ALCHIMIA & DINTORNI
Sri Aurobindo: “Questo è lo Yoga della Bhagavad Gita”, ovvero il canto del beato
di Aleister
SRI AUROBINDO (il cui vero nome era Aravinda Ghose) nacque a Calcutta nel 1872. All’età di sette anni fu mandato a studiare in Inghilterra; lì imparò, oltre all’inglese, molte altre lingue tra cui il latino, il greco e l’italiano. Successivamente tornò in India e imparò anche il sanscrito per poter comprendere e studiare i testi sacri indiani nella loro lingua originale. Rendendosi conto dello stato di schiavitù in cui viveva la sua gente decise di dedicarsi alla politica oltre che al giornalismo, fondando un proprio partito che propugnava l’indipendenza dal Regno Unito. Fu per questo arrestato e rimase in prigione per un anno, ed è proprio in quel periodo che si avvicinò alla contemplazione e alla meditazione. Infatti, dal momento in cui era rientrato in patria, Aurobindo aveva avuto una serie di esperienze c.d. ‘spirituali’, pur senza sapere nulla riguardo allo yoga, che iniziò a praticare da solo, basandosi sulla Gita e sulle Upanishad. Obbedendo a un comando interiore si trasferì, poi, a Pondicherry, dove decise di abbandonare la politica, ormai consapevole del fatto che il suo messaggio era stato recepito e che altri avrebbero guidato l’India verso l’indipendenza, e di dedicarsi completamente all’attività spirituale. Lì fondò insieme a Mirra Afassa (Mère, la Madre) un ashram, la cui gestione poi affidò a lei per rinchiudersi in una stanza e dedicarsi anima e corpo alla stesura delle sue opere. Ne uscì solo con la morte, all’età di 78 anni.

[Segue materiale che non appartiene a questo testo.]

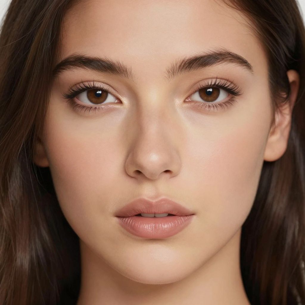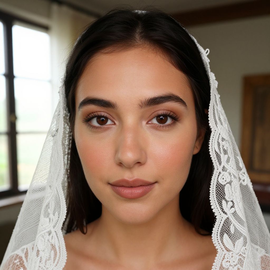 Photograph of a young woman with olive skin, dark brown eyes, and straight black hair. She wears a white lace veil over her head, framing her face. Her makeup is subtle, with light pink eyeshadow and nude lipstick. She has well-groomed eyebrows and a calm expression. The background is blurred, featuring a window with bright light on the left and a wooden door on the right. The overall lighting is soft, highlighting her face. She appears to be indoors, possibly in a room with wooden furnishings.
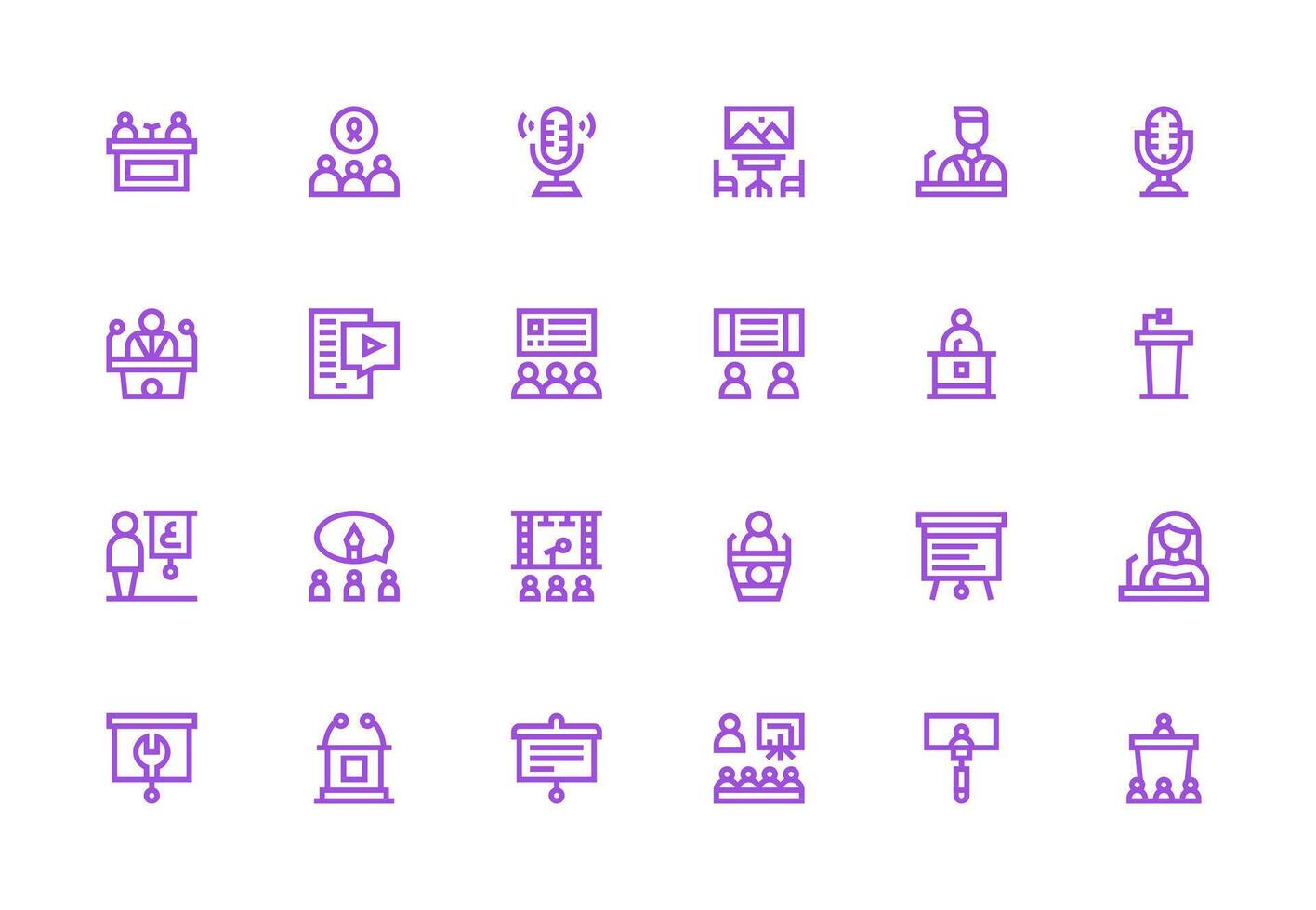 Lecture Visual Pack containing 24 Thick Line Line Icons Clear and Concise Icon Set Collection vector

Aurobindo si può definire un filosofo, o meglio, un maestro di vita. La sua filosofia spiritualistico-evoluzionistica è improntata a un sincretismo che fonde cultura orientale e filosofia occidentale. Aurobindo, nella sua riflessione, cerca di unire i due poli dell’esistenza, la materia e lo spirito. Mentre quasi tutti i percorsi mistici del passato portavano ad un aldilà al di fuori della vita terrena, l’ascesa spirituale compiuta da Aurobindo costituisce il preludio di una discesa della luce e del potere dello spirito nella materia, allo scopo di trasformarla completamente. Per Aurobindo il mondo manifesto non è un errore o un’illusione che l’anima dovrebbe rigettare per far ritorno al cielo o al Nirvana; è la grande scena di una evoluzione spirituale della coscienza che dall’incoscienza originaria si sviluppa nella coscienza divina, celata fin dall’origine nella materia. La mente rappresenta la più alta vetta finora raggiunta dall’evoluzione, ma non è la più elevata in assoluto. Al di sopra della mente esiste la sopramente, una coscienza di verità (assimilabile alla gnosi occidentale) che possiede spontaneamente la luce e il potere della suprema conoscenza divina.
Aurobindo non ebbe mai l’intenzione di fondare religioni o sistemi filosofici, ma di fornire a chiunque ne avesse interesse una trattazione delle proprie esperienze spirituali, ottenute attraverso metodi di conoscenza che egli definiva sovrarazionali, con un linguaggio il più possibile comprensibile e accessibile. Lo scopo delle sue opere è, quindi, quello di ispirare il lettore a cercare questa conoscenza in prima persona. Per raggiungere questa conoscenza sovrarazionale Aurobindo elaborò un metodo che definì Purna yoga, cioé uno yoga completo che, a differenza dello yoga tradizionale, cerca di integrare il divino anche nella quotidianità e nella vita materiale.
Lo Yoga della Bhagavad Gita è una versione epitomata e semplificata ad uso degli occidentali del grande studio condotto da Aurobindo sulla Gita, fatta da un suo discepolo. In essa Aurobindo svela i segreti della Bhagavad Gita (Il canto del Beato, cioé di Krishna), uno dei principali testi sacri indiani realizzato in forma di saga, secondo l’impostazione della cd. Scuola moderna, che non intende la spiritualità come semplice distacco dal mondo, ma come dovere da compiere nella vita quotidiana.